Vacío pleno. Negrura blanquecina. Ligereza plomiza. Hambruna
saciada. La niebla se estancó en la calle. Las farolas iluminaban con luz
difuminada. Miró por la ventana hacia ese paraíso de nihilismo visual. La gente
por la calle deambulaba insegura. La niebla no era habitual. Un perro ladró
espontáneamente el algún rincón del barrio. Dos niños corrieron a través del
bulevar menos transitado de Madrid. Ningún coche estaba en funcionamiento. El
silencio era sublime. Amaba el silencio. El recuerdo efímero de las noches
pasadas no volvía con la misma intensidad que antaño. Ahora sólo pensaba en
ella. Los ojos marrones, la media melena negra. Su sonrisa. No entendía sus
sentimientos del todo bien, como era normal, pero una enérgica fuente de pasión
desataba en él ternura y cariño. Entiende ahora lo visto en tantas películas,
lo leído en tantos libros. Por ella, lo dejaba todo. Anhelaba con fervor ver su
silueta en la niebla. En la calle, la buscaba en las caras de todas las
pasajeras. Deseaba abrazarla y besarla. Pasear con ella. Las esperanzas
envolvían su ser, lo armaban. Sentado en la cama, sin poder dormir, cogió papel
y lápiz.
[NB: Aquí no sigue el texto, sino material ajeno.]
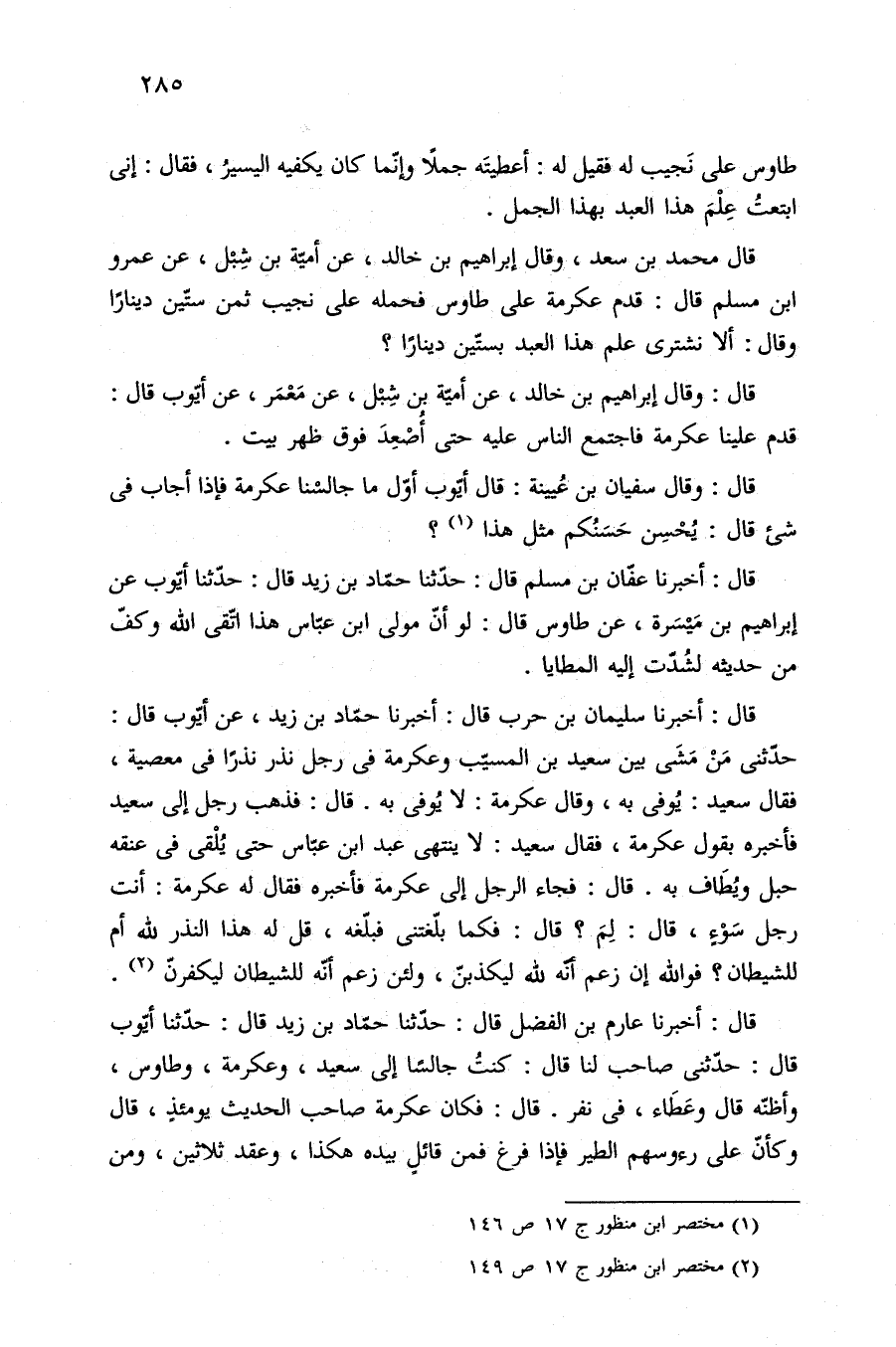 قال: أخبرنا عفّان بن مسلم قال: حدّثنا حمّاد بن زيد قال: حدّثنا أيّوب عن إبراهيم بن مَيْسَرة، عن طاوس قال: لو أنّ مولى ابن عبّاس هذا اتّقى الله وكفّ من حديثه لشُدّت إليه المطايا.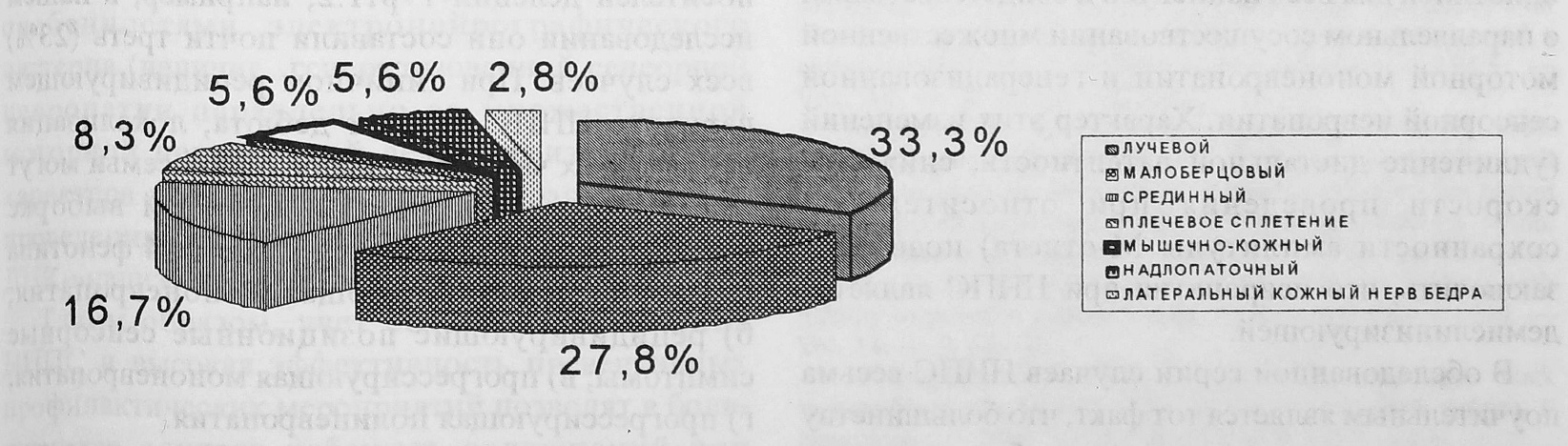 Рис. 2. Дебютная частота поражения отдельных нервов.
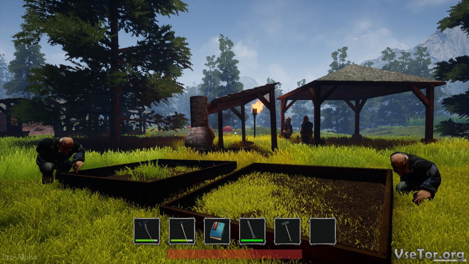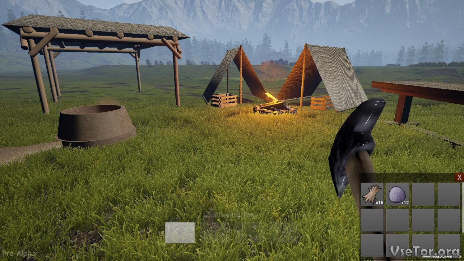 Но начинать вам придется с самого малого – сначала вы появитесь на открытой местности лишь в одежде и с первоначальным инструментом, и все, что вы сможете делать, это начать добывать нужные для строительства ресурсы. Вы можете добывать дерево, камень, сено и прочие материалы, и в итоге положить их в основание, фундамент вашего будущего города. Правда, в начале у вас будет всего лишь лагерь, с костром и несколькими палатками, и только через некоторое время он сможет начать расширяться.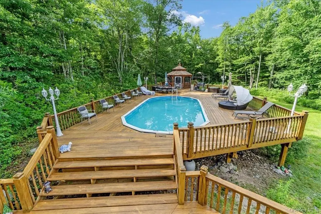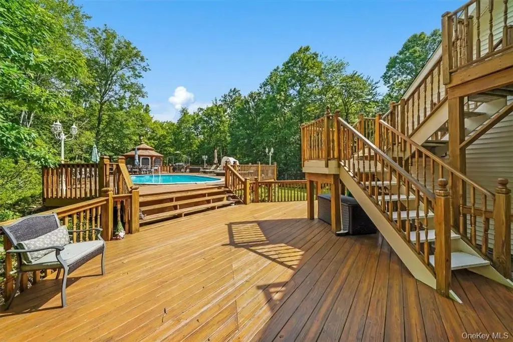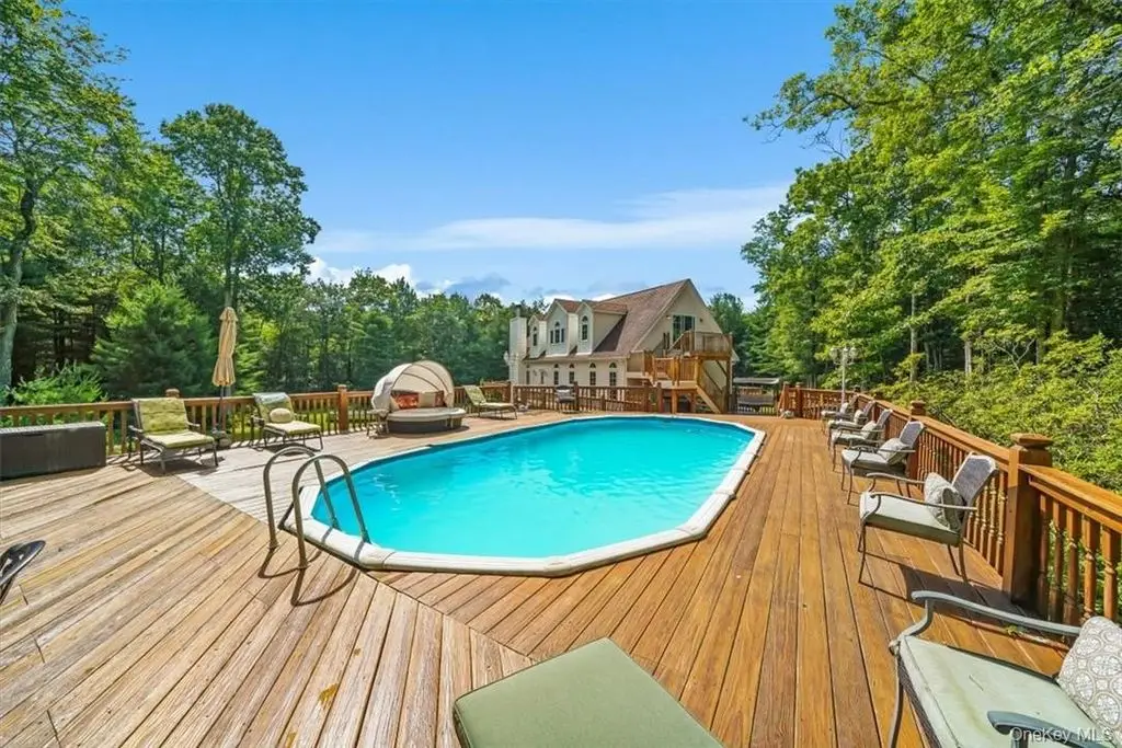 Welcome to this exquisite home nestled in a serene natural setting. This peaceful abode is surrounded by lush trees offering an idyllic retreat from daily life. The home has large windows throughout the house allowing for natural light to flood the living spaces and for breathtaking views of the surrounding natural beauty, greeting you at every turn. Home features an inviting above-ground pool for refreshing swims surrounded by a wrap-around deck providing ample space for outdoor dining, lounging and entertainment. Not a pool day? Make it a lake day!! as this home comes with lake rights to Pine Lake, a short stroll away. This is more than just a home, it's a sanctuary where you can immerse yourself in peace and tranquility surrounded by the timeless beauty of nature.

La poesía salía sola, no la pensaba. Su inspiración era clara, la
tenía en la mente. En un arrebato, salió a la calle. La dulce niebla lo
rodeaba. Y él la abrazaba. Echó a andar sin rumbo, sin miedo. Respiró profundo,
tanto como la cárcel de la ciudad permite. El vaho era una extensión de su
alma. Llegó a un bosque, un parque. Pocas farolas iluminaban el camino, pero no
las necesitaba. En la soledad de la noche, aulló. Rio. Fue hasta la hierba y se
sumergió en ella. Distinguió estrellas en el cielo contaminado. Cerró los ojos,
y la tenía en la mente. Belleza sin límites. Perfección suprema. En aquel
momento, solo le faltaba ella. ¿Si eso no es amor, qué es?